Remember the landmark trial at MGH by Jennifer Temel that demonstrated palliative care for patients with early stage lung cancer not only improves quality of life, but prolongs survival?  The major question we were left with, as Jennifer says quoting Diane Meier in the accompanying audio interview, is “what is in the palliative care syringe?”  What exactly did they DO to improve quality of life and prolong survival?

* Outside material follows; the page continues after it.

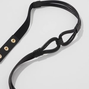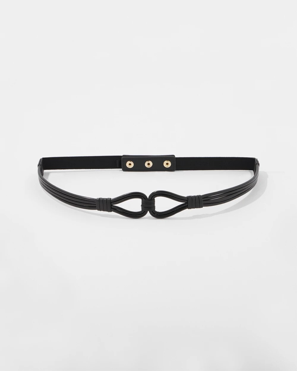 Show-off your waist by adding this skinny stretch belt with knot detail to your dresses. Pair it with matching knotted slide for a great outfit.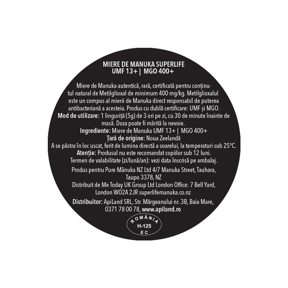 - produsă de albine din nectarul florilor de Manuka, recoltată, testată și certificată cu un conținut de cel puțin 400 mg/kg de metilglioxal, mierea de Manuka SuperLife UMF 13+ | MGO 400+.

Well, now we have some important clues.  In a studypublished online yesterday in JAMA: Internal Medicine (formerly Archives of Internal Medicine), she mentored a junior researcher named Jaclyn Yoon to examine chart notes from palliative care clinic visits during the MGH trail.  They also examined chart notes from oncologist for those times when the disease progressed.

They found:

  • During the first few patient visits, palliative care clinicians focused on building a relationship, treating symptoms, understanding of prognosis, and establishing preferences for information 
  • When the patients disease progressed, both palliative care clinicians and oncologists addressed plans for end of life care, though oncologists tended to focus more on radiographic progression of disease and medical complications, whereas palliative care docs focused on coping.

This represents an important window into outpatient palliative care encounters.  As I noted in the commentary, these findings are as surprising for what they include as what they do not.  Some might expect that goals of care discussions and hospice would be introduced from the get go – this was not the case.

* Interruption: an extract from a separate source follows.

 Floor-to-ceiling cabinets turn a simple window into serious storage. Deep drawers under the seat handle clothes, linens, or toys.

As the commentary concludes:

The focus of PC is not browbeating patients into accepting hospice and avoiding resuscitation or hospitalization, as some might assume. Palliative care is at its heart a relationship-centered profession. Palliative care clinicians build strong relationships with patients and families in the hopes of finding a way through the symptoms and distress, a way to cope with the illness experience, and a way to make each day as good as it can be. Many patients with serious illness will not have access to an outpatient PC clinician, but they will probably have access to an internist. Patients might benefit if all internists incorporated this approach, seeking supplementary training in PC. And some benefits, like survival, might be surprising.